*Task description*. Images aside, the whole listing should be written out word for word.

*Data shown*.
• • • •

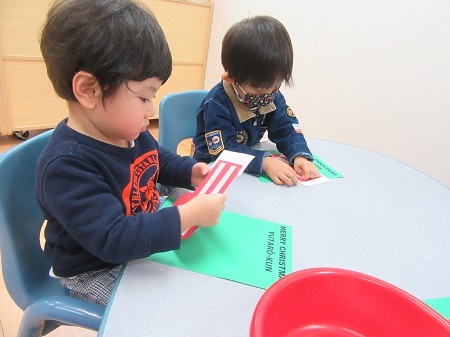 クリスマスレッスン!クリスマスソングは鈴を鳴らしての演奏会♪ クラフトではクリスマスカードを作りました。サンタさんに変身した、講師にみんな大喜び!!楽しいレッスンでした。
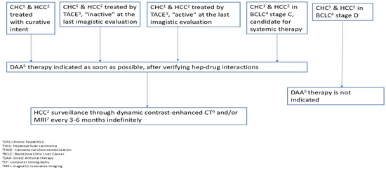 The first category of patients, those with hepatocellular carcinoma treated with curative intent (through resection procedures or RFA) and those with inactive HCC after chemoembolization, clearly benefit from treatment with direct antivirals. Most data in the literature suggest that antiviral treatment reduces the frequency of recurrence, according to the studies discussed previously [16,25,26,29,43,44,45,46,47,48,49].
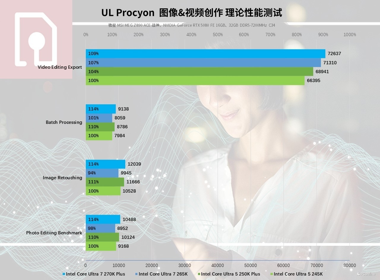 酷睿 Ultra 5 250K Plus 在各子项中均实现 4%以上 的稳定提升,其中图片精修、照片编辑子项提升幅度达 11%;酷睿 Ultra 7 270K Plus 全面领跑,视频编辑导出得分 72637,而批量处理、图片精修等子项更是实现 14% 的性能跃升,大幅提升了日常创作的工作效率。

• • • •

*Your solution*.
 クリスマスレッスン!クリスマスソングは鈴を鳴らしての演奏会♪ クラフトではクリスマスカードを作りました。サンタさんに変身した、講師にみんな大喜び!!楽しいレッスンでした。
 The first category of patients, those with hepatocellular carcinoma treated with curative intent (through resection procedures or RFA) and those with inactive HCC after chemoembolization, clearly benefit from treatment with direct antivirals. Most data in the literature suggest that antiviral treatment reduces the frequency of recurrence, according to the studies discussed previously [16,25,26,29,43,44,45,46,47,48,49].
 酷睿 Ultra 5 250K Plus 在各子项中均实现 4%以上 的稳定提升,其中图片精修、照片编辑子项提升幅度达 11%;酷睿 Ultra 7 270K Plus 全面领跑,视频编辑导出得分 72637,而批量处理、图片精修等子项更是实现 14% 的性能跃升,大幅提升了日常创作的工作效率。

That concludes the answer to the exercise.